The Annotation Lab keeps a human expert as productive as possible. It minimizes the number of mouse clicks, keystrokes, and eye movements in the main workflow. The continuous improvement in the UI and the UX is from iterative feedback from the users.

Annotation Lab supports keyboard shortcuts for all types of annotations. It enables having one hand on the keyboard, one hand on the mouse, and both eyes on the screen at all times. One-click completion and automatic switching to the next task keep experts in the loop.

On the header of the Labeling area, you can find the list of labels defined for the project. In the center, it displays the content of the task.
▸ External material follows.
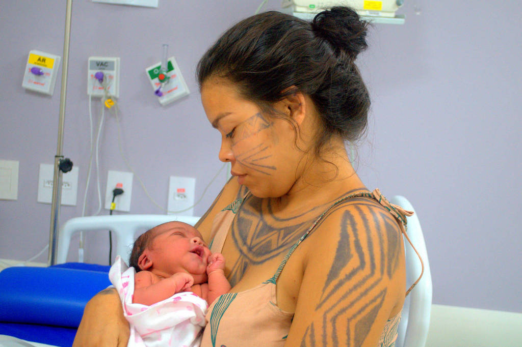 A liderança indígena Amana, 44, mãe de Tainaçã, diz que os partos na aldeia acontecem de forma semelhante. “Além da parteira, nós sempre temos por perto a mãe e a avó nos auxiliando e passando boas energias. Em momento algum, nós deixamos as nossas gestantes sozinhas. E também damos banhos de ervas, da cintura para baixo, para ajudar nas contrações”, conta.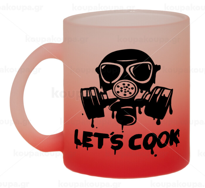 Let's cook mask, Κούπα γυάλινη δίχρωμη με βάση το κόκκινο ματ, 330ml

On the right, there are several widgets categorized into different groups.

  • Annotations
  • Versions
  • Progress

Labeling Widgets

Completions

A completion is a list of annotations manually defined by a user for a given task. After completing annotation on a task (e.g., all entities highlighted in the text, or one or more classes is assigned to the task in the case of classification projects) user clicks on the Save button to save their progress or Submit button to submit the completion.

A submitted completion is no longer editable, and the user cannot delete it. Creating a new copy of the submitted completion is the only option to edit it. An annotator can modify or delete their completions only if completions are not submitted yet.

Dedicated action icons are available on the completions widgets to allow users to quickly run actions like delete, copy, set ground-truth.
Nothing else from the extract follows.